Over the last three years, Tencent has spent $6.3 million lobbying the federal government. Tencent began spending on federal lobbying in 2020, the same year former President Donald Trump signed executive orders banning WeChat and TikTok in the United States.

While WeChat has become a staple of everyday Chinese life, the app reportedly became pivotal to Beijing’s surveillance and censorship apparatus. Human rights groups including Human Rights Watch have warned the Chinese government has used WeChat to monitor citizens, spread propaganda and crush dissent.

Sex Trafficking Lawsuit Against Internet Chat Website Cleared to Move Forward

AboutLawsuits.com reported:

A federal judge has rejected a motion to dismiss a sexual trafficking lawsuit filed against the website Omegle.com, allowing a complaint to move forward involving allegations that a pre-teen was blackmailed and harassed into sending “obscene” content to a sexual predator through the internet chat room.

The lawsuit was brought on behalf of a plaintiff identified only with the initials A.M., who indicates that the social media chat site paired her up with a man who sexually abused her online, alleging that Omegle knew it was pairing minors with sexual predators, but continued to do so in order to maintain profits at children’s expense.

A.M. indicates she was only 11 years old in 2014 when Omegle paired her in one-on-one chats with Ryan Fordyce, who was in his late 30s.
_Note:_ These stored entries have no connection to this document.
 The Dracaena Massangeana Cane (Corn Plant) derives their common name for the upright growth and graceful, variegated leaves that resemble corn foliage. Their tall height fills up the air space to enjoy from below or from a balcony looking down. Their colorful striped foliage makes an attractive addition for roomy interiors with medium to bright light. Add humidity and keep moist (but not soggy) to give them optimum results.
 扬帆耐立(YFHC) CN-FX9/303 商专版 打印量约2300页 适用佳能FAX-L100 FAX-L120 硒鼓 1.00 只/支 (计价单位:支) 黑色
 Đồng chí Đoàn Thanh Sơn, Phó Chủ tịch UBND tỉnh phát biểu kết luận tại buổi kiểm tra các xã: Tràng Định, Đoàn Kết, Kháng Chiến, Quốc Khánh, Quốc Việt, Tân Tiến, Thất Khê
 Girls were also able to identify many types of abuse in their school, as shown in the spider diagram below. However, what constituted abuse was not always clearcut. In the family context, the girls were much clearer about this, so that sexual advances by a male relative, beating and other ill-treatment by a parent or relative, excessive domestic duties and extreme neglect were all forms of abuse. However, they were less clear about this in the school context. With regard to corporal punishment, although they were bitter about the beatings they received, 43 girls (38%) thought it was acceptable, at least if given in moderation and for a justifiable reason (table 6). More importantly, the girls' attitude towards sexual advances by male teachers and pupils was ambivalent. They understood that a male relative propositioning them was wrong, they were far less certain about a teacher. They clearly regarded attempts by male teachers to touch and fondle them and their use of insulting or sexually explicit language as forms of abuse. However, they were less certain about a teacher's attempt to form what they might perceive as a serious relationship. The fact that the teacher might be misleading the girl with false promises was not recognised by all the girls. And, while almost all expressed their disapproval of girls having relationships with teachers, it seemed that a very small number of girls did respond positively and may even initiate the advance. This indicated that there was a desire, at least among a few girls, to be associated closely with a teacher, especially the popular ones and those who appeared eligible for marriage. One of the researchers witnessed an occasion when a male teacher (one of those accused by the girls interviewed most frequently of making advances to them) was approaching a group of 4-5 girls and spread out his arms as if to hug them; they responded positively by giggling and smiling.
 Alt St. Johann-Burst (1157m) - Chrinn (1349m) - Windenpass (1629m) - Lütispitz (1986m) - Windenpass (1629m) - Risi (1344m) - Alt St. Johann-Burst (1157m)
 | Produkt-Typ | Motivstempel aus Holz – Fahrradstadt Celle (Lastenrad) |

The lawsuit claims Omegle’s most common use is for live sexual activity, but the company did not have adequate age verification procedures in place, and actively marketed its services to young children.
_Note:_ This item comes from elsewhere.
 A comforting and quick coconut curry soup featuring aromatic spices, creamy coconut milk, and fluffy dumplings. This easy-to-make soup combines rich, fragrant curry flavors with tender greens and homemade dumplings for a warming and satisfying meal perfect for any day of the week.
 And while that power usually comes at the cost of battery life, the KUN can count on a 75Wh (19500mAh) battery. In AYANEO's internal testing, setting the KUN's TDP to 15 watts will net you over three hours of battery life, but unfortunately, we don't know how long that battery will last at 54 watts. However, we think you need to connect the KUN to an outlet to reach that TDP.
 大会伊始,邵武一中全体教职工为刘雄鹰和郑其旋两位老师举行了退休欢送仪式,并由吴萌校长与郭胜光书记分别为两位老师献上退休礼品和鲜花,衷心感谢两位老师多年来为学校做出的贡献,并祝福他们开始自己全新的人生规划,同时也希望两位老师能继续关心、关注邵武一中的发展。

While Judge Mosman did dismiss a negligence claim, he allowed the other five claims against Omegle to proceed, including defective design, defective warning, failure to warn and sex trafficking of children by force, fraud or coercion.

Alphabet Loses Over $110 Billion Market Cap After AI ChatBot ‘Glitch’

ZeroHedge reported:

Google owner Alphabet has continued crashing after an underwhelming launch raising concerns that its new artificial intelligence chatbot Bard may yield inaccurate responses. Google was forced to respond after the shares collapsed, saying in a statement that Bard’s response “highlights the importance of a rigorous testing process.”

The company said it will combine external feedback with its own internal testing to ensure Bard’s responses “meet a high bar for quality, safety and groundedness in real-world information.”

Today’s drop has wiped over $110 billion off of Alphabet’s market cap. It’s the second-largest daily market cap decline ever. Reuters reports that Google published an online advertisement in which its much anticipated AI chatbot BARD delivered inaccurate answers.